Из-за этого чужого греха даже здесь, вдали от бомб, они чувствуют себя как на пороховой бочке. Больше всего боятся "людей в черных масках", которые периодически устраивают у беженцев шмон. И еще ужасно боятся, что их "выселят". Придут и выкинут на улицу. Поэтому, когда на улице 8 Марта взорвали дом быта, в "общежитиях" все забились по углам. На улицу боялись выйти даже за водой. А уже привыкшие чеченские дети при виде большой машины с кузовом, в котором могут сидеть "люди в масках", разбегаются по кустам, как зайцы...

А недавно у одной из поселенок остановилась какая-то знакомая из Чечни. Посреди ночи раздался взрыв. Говорят, эта знакомая везла с собой гранату, ночью начала перепрятывать, и та взорвалась у нее в руках. Жертва только одна -сама чеченка.

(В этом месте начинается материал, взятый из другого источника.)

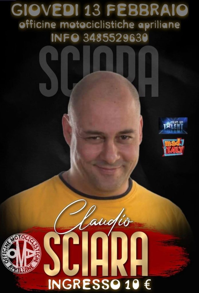 “Comedy Show” con Claudio Sciara e Geppo alle Officine Motociclistiche Apriliane, il noto locale che si trova sulla via Nettunense, ad Aprilia, all’angolo con via Giovanni XXIII. Il primo appuntamento è per giovedì 13 Febbraio alle 21.30 con il comico Claudio Sciara. Giovedì 13 Marzo, sempre alle 21.30, sarà poi la volta di Simone Metalli, in arte Geppo Show.
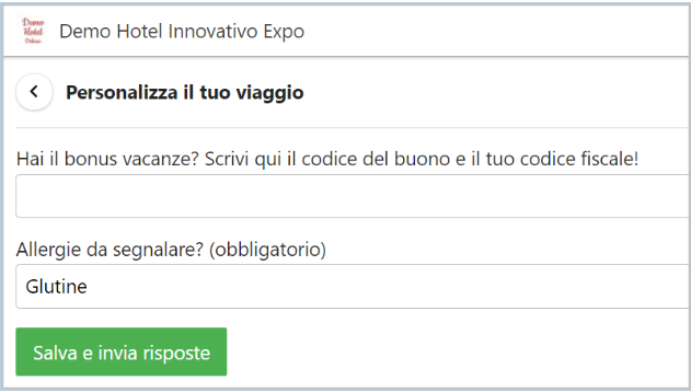 Nella App Welcome (il portale del viaggiatore) è possibile inserire un questionario personalizzato dove chiedere al viaggiatore delle informazioni aggiuntive.

Силовиков, которые относятся к беженцам с подозрением, можно понять. Но и чеченских матерей, чьи дети голодают-холодают — тоже...

Вдовий остров

"Эту дверь я сам сделал!" — с гордостью показывает беженец Равиль свое сооружение: картонная, сколоченная из кусков дверь плохо входит в покосившуюся коробку. До этого Равилю не приходилось столярничать. Его и в Дагестан-то впустили, потому что с таким недугом (один глаз смотрит в пол, другой — в небо) он явно не мог быть боевиком. Зато теперь он — как единственный мужчина на все "общежитие" — и столяр, и плотник, и электрик. Но одних его рук мало...

Мужчинам-чеченцам — от пятнадцати до шестидесяти — в Хасавюрт вход заказан. Есть даже на этот счет специальный пункт в указе местного правительства. Да и женщин-то пропускали с трудом. Яха Абидова вспоминает, как в декабре прошлого года попали они в Дагестан: "Народу на КПП между Чечней и Дагестаном скопилось много. Сначала еще пропускали, хоть и медленно. Брали по шестьдесят рублей с человека за проход. А потом все застопорилось. Тогда народ полез в воду (в этом месте граница Чечни и Дагестана проходит по реке), чтобы добраться до противоположного берега в обход моста с КПП. В этот момент кто-то открыл дамбу, вода хлынула потоком, и народ стал тонуть. Тогда федералы загнали в реку БТР и стали с него вылавливать людей. Вытаскивали их на чеченский берег. Тех, кто сумел добраться до дагестанского берега, сортировали. Всех мужчин тут же запихнули в автобусы и отправили обратно в Чечню, Пытались и женщин с детьми назад отправить, но автобус с ними федералы завернули назад, Они нам не мешали из Чечни уходить, даже помогали".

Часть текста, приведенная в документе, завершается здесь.